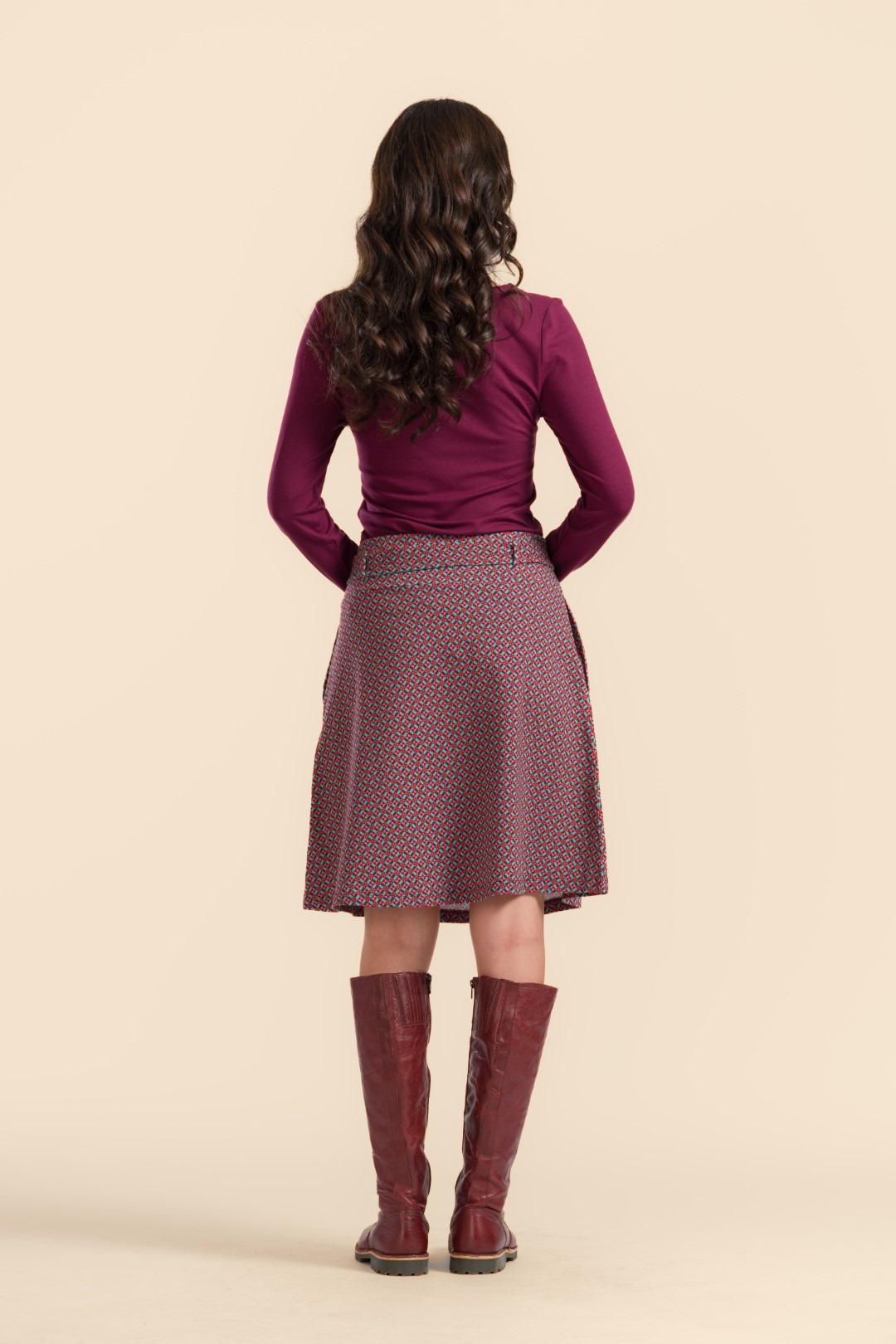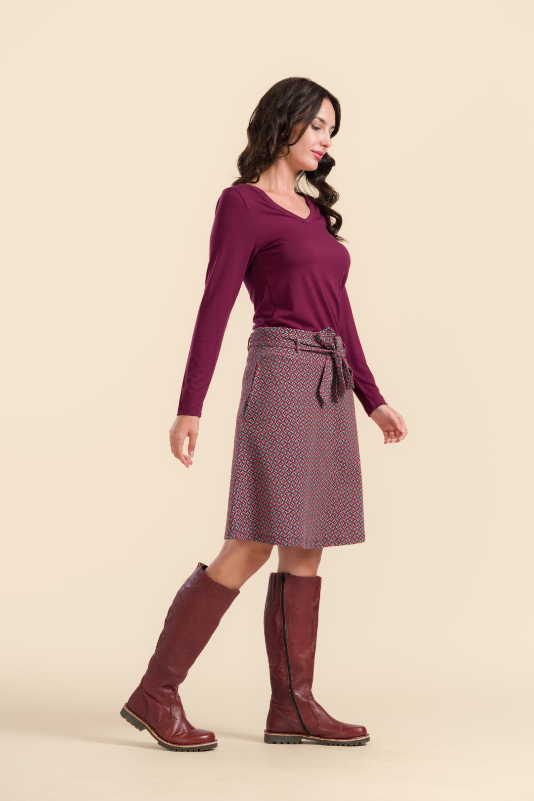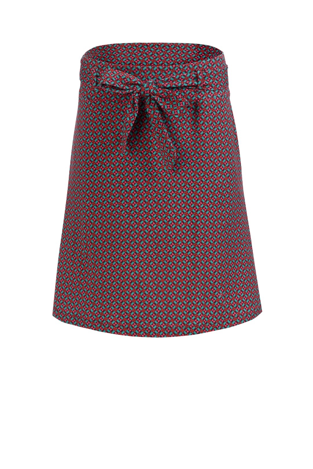 Moekas ja naiselik graafilise mustriga A-lõikeline trikotaažseelik, millel on mugav vöökoht, samast kangast seotav vöö ja praktilised taskud.
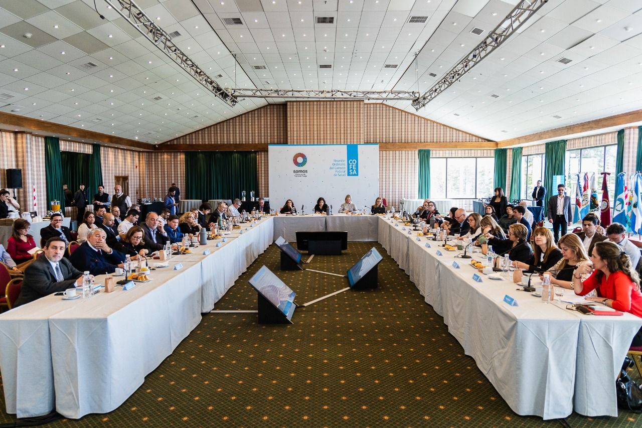 El Gobernador Gustavo Melella, junto a la ministra de Salud de Nación, Carla Vizzotti, encabezó este martes la apertura de la Reunión Ordinaria del Consejo Federal de Salud (COFESA), realizado en Ushuaia. Estuvieron acompañados por el ministro Jefe de Gabinete, Agustín Tita y la titular de la cartera sanitaria de la Provincia, Judit Di Giglio.
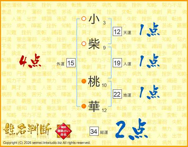 生活面を象徴する運勢です。外部から受ける影響力を表し、結婚運、家庭運や職場、環境への順応性を表します。総運から人運を引いた画数。姓や名が1文字の場合を除く。
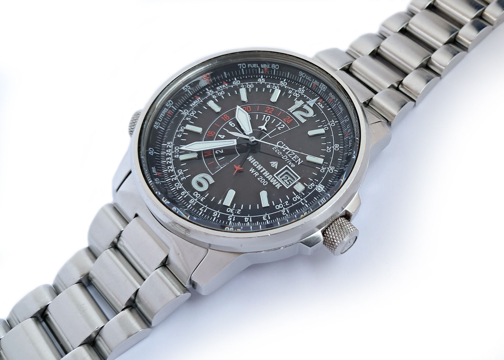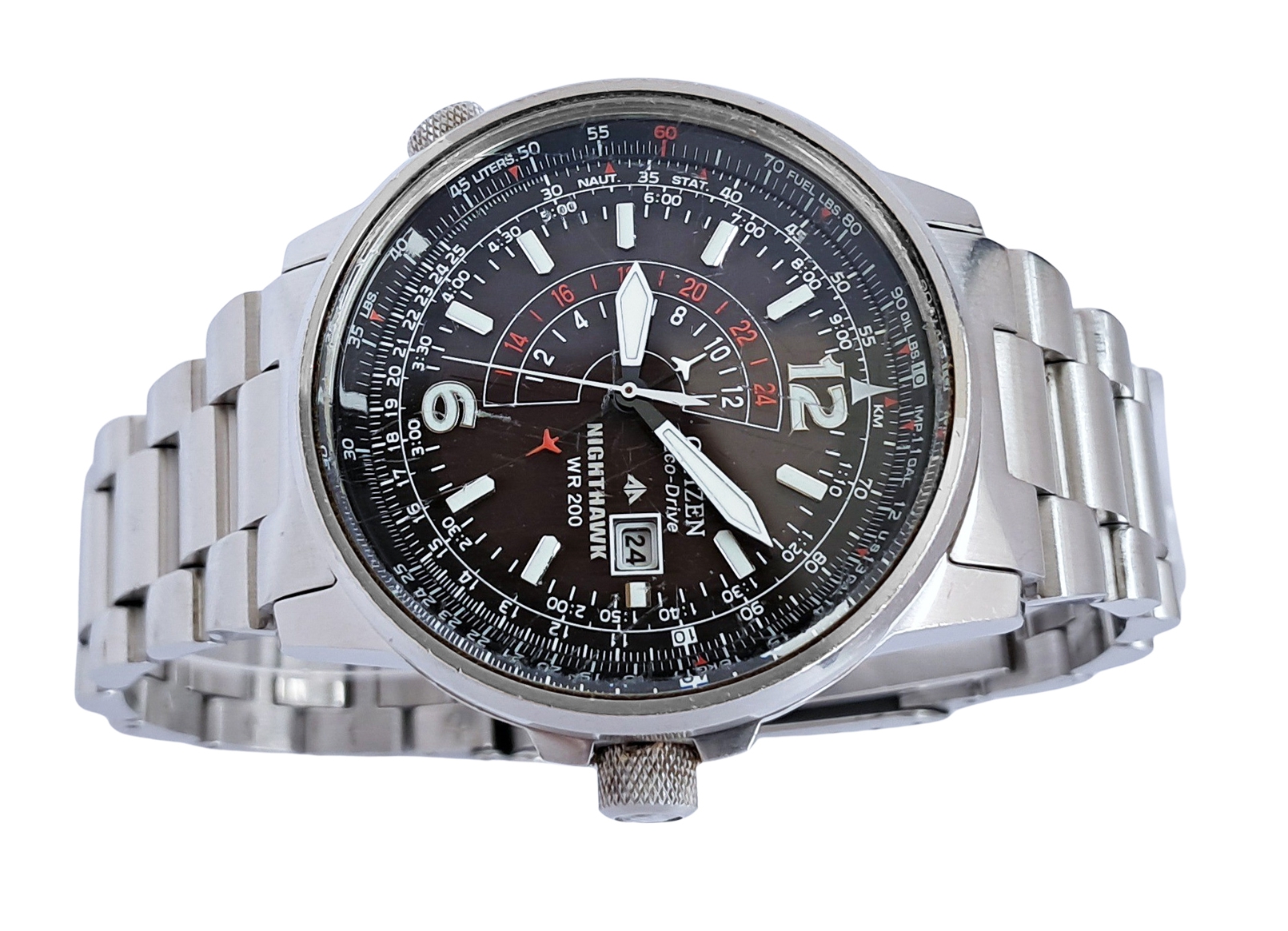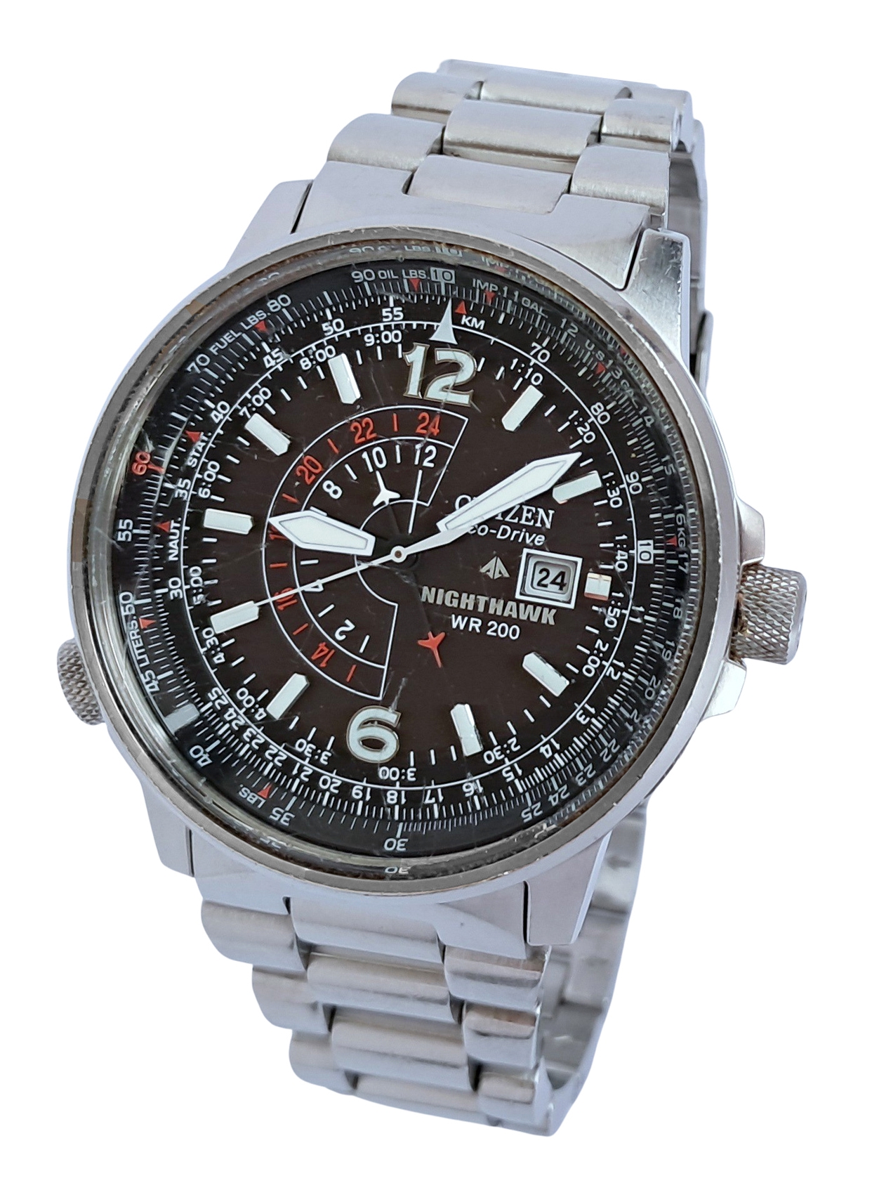 Citizen Nighthawk Eco Drive. Pre owned average condition with some marks to the bracelet and crystal. Stainless steel case with a stainless steel bracelet. Inner rotating slide rule bezel. Black dial with luminous hands and index hour markers. Arabic numerals mark the 6 and 12 positions. Tachymeter around the outer rim. Dial Type: Analog. Luminescent hands and markers. Date display at the 3 o'clock position. Eco-Drive B877 eco-drive movement which works off solar power and does not need a battery replacement. Screw down crown. Solid case back. Deployment clasp with a double push button release. Water resistant at 200 meters / 660 feet. Sport watch style, comes on fabric strap with deployant clasp, all original. Made in Japan, outstanding value for money watch.
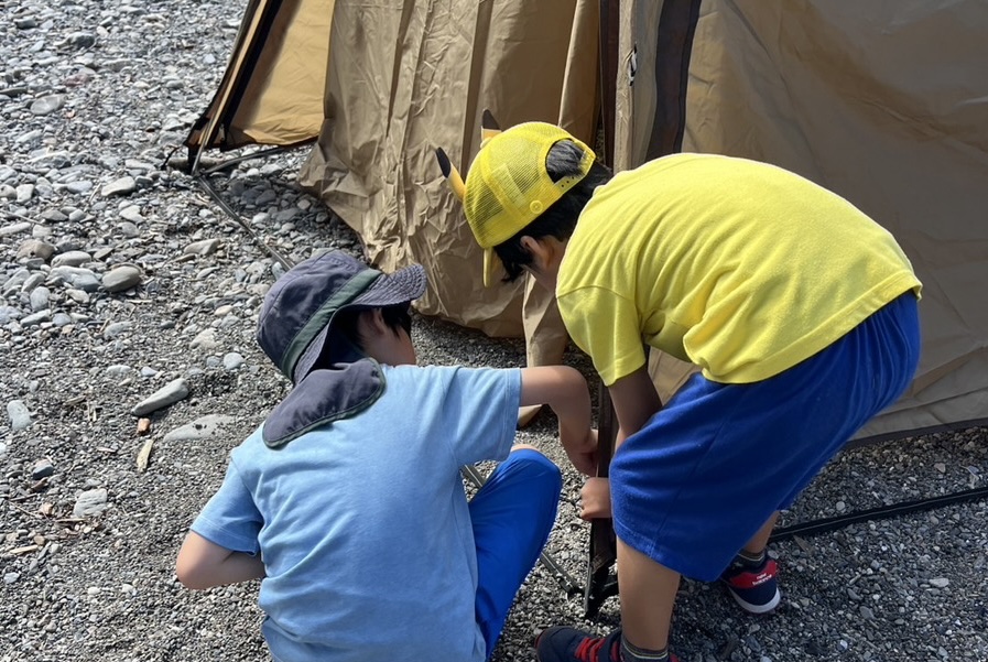 テントの設営体験から火おこし体験、温泉ソムリエの資格を有するスタッフによる温泉講習、温泉水を使用したキャンプ料理など親子で楽しめる内容です。
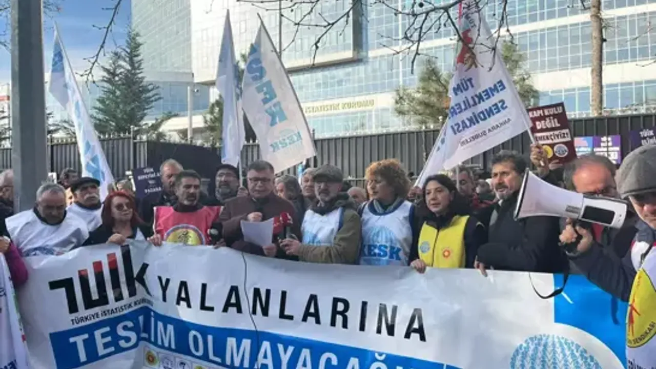 KESK üyesi yaklaşık 100 kişi, bugün açıklanan enflasyon verilerini protesto etmek için TÜİK önünde bir araya geldi. 'TÜİK'in yalanlarına teslim olmayacağız' yazılı pankart açan grup üyeleri, kandil yakıp, gökyüzüne siyah balon bıraktı. KESK Eş Genel Başkanı Ahmet Karagöz, "Gözümüzü; iğneden ipliğe her şeye yapılan zam fırtınası ile açtığımız bir yılı, 2025 yılını geride bıraktık. Yıllardır devam eden yoksullaştırma politikalarından 4 milyon kamu emekçisi ve 2,5 milyon kamu emeklisi olarak bizler de payımıza düşeni aldık. 2025 yılı asgari ücretlisinden emeklisine, işçisinden kamu emekçisine kadar emeği ile geçinen milyonlar için, bizler için adeta bir kabus yılı oldu. Maaşlarımız her ay gittikçe erirken yoksulluğumuz günden güne arttı. Evet, 2025 yılını geride bıraktık. Ama sorunlarımız artarak devam ediyor. Ülkeyi yönetenler yıllardır çarşıda, pazarda, mutfakta yaşadığımız gerçek enflasyonun yarısına bile denk gelmeyen suni verileri resmi enflasyon olarak açıkladılar. Maaş artışlarımızı TÜİK’in bu sahte verileri ile sınırladılar. Böylece bu ülkenin ezici çoğunluğunu oluşturan bizleri, emeği ile geçim mücadelesi veren milyonları her geçen gün daha fazla yoksullaştırdılar, sefalete ittiler. 6'şar aylık bu artışlar daha ilk bir-iki ayda TÜİK’in sahte enflasyonunun bile altında kaldı. Aylarca enflasyon farkı almak için bekledik. 6'şar aylık periyotlarla hep aynı şeyi yaşamaya devam ettik. Böylece sadece son 2 yılda maaşlarımız yüzde 20 eridi" ifadelerini kullandı.
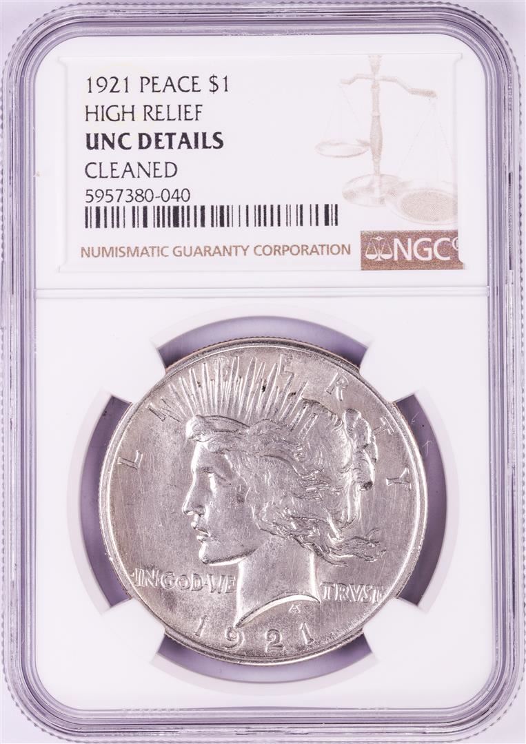 One 1921 High Relief $1 Peace Silver Dollar Coin NGC Unc Details. NGC Certified.
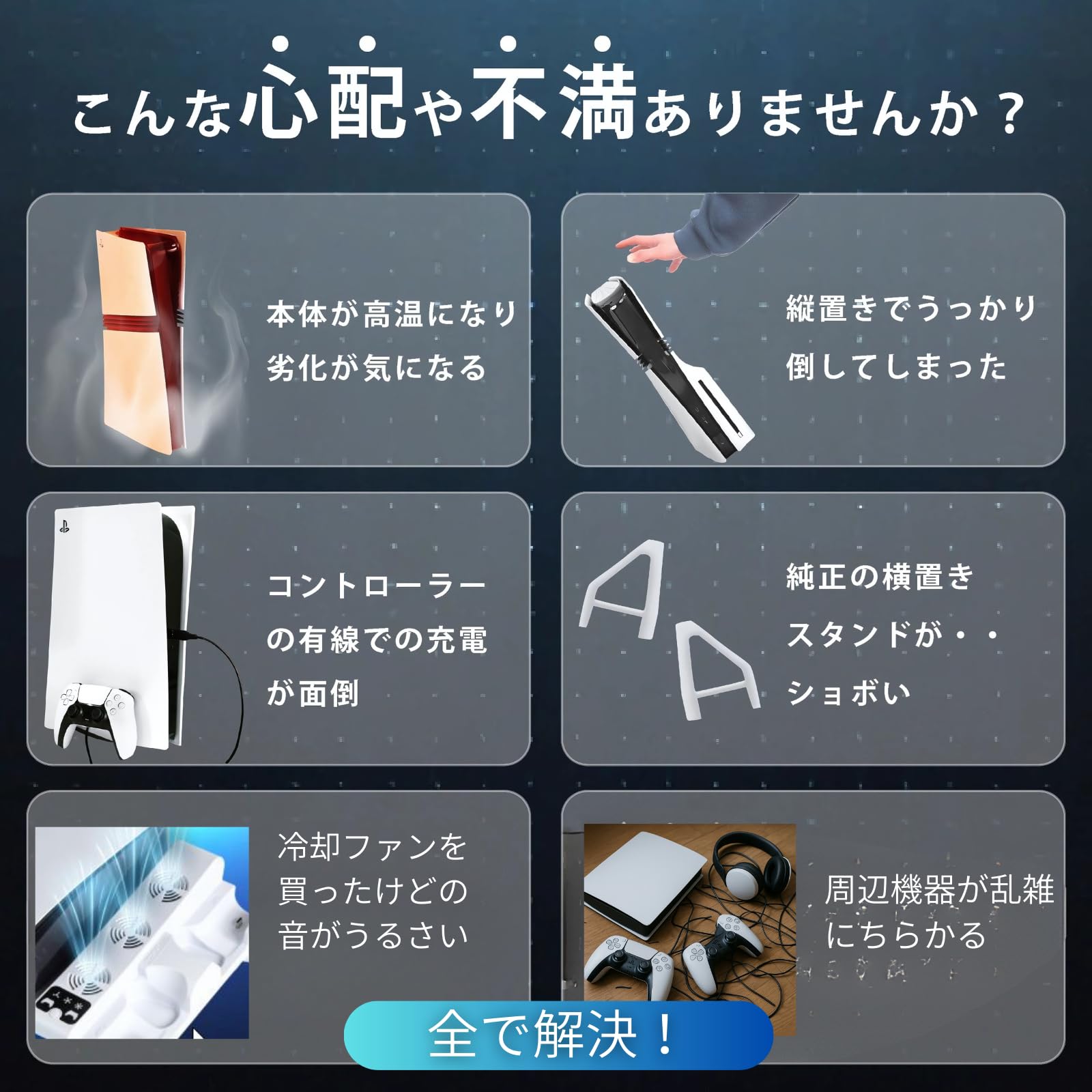 * 【冷却・充電・収納がこれ1台で完結】 ATURIKA製PS5縦置きスタンドは、PS5 Pro・PS5・PS5 Slim(ディスク版/デジタル版)すべてのモデルに対応。 高回転ファンによる3段階風速冷却、コントローラー2台+USB機器同時充電、さらにヘッドセットやリモコンもまとめて収納可能な多機能スタンドです。
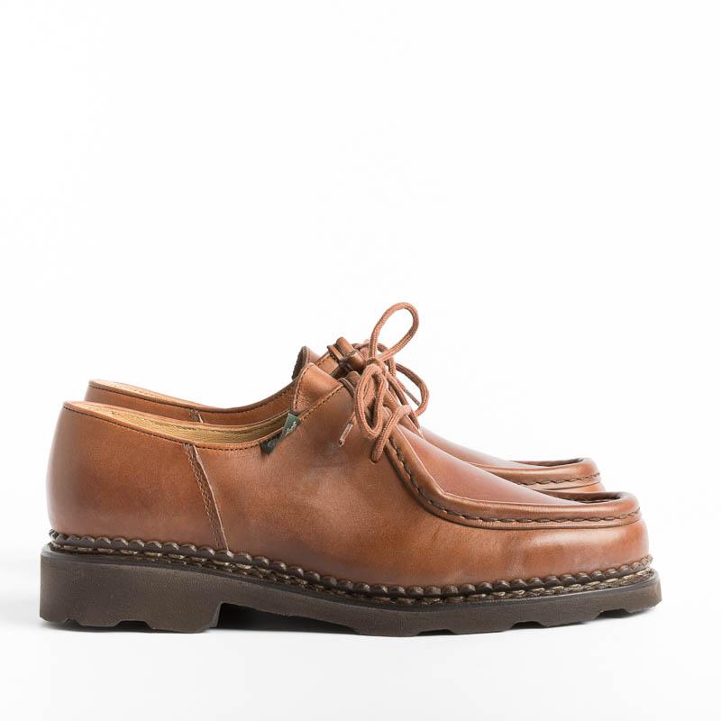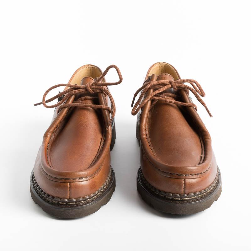 Iconico Derby Michael di Paraboot in pelle conciata al vegetale di colore cuoio. Doppia cucitura norvegese che tiene insieme la tomaia e la soletta, assicurando resistenza e assoluta impermeabilità. Fodera interna in pelle. Morbidi lacci in cotone marrone. Autentiche suole Paraboot in gomma naturale.

> WHAT THE EXERCISE ASKS
Copy exactly the lines from the first line of the records above through the line with "テントの設営体験から火おこし", both included, and nothing else. Pictures stay out.

> TASK RESPONSE
 Moekas ja naiselik graafilise mustriga A-lõikeline trikotaažseelik, millel on mugav vöökoht, samast kangast seotav vöö ja praktilised taskud.
 El Gobernador Gustavo Melella, junto a la ministra de Salud de Nación, Carla Vizzotti, encabezó este martes la apertura de la Reunión Ordinaria del Consejo Federal de Salud (COFESA), realizado en Ushuaia. Estuvieron acompañados por el ministro Jefe de Gabinete, Agustín Tita y la titular de la cartera sanitaria de la Provincia, Judit Di Giglio.
 生活面を象徴する運勢です。外部から受ける影響力を表し、結婚運、家庭運や職場、環境への順応性を表します。総運から人運を引いた画数。姓や名が1文字の場合を除く。
 Citizen Nighthawk Eco Drive. Pre owned average condition with some marks to the bracelet and crystal. Stainless steel case with a stainless steel bracelet. Inner rotating slide rule bezel. Black dial with luminous hands and index hour markers. Arabic numerals mark the 6 and 12 positions. Tachymeter around the outer rim. Dial Type: Analog. Luminescent hands and markers. Date display at the 3 o'clock position. Eco-Drive B877 eco-drive movement which works off solar power and does not need a battery replacement. Screw down crown. Solid case back. Deployment clasp with a double push button release. Water resistant at 200 meters / 660 feet. Sport watch style, comes on fabric strap with deployant clasp, all original. Made in Japan, outstanding value for money watch.
 テントの設営体験から火おこし体験、温泉ソムリエの資格を有するスタッフによる温泉講習、温泉水を使用したキャンプ料理など親子で楽しめる内容です。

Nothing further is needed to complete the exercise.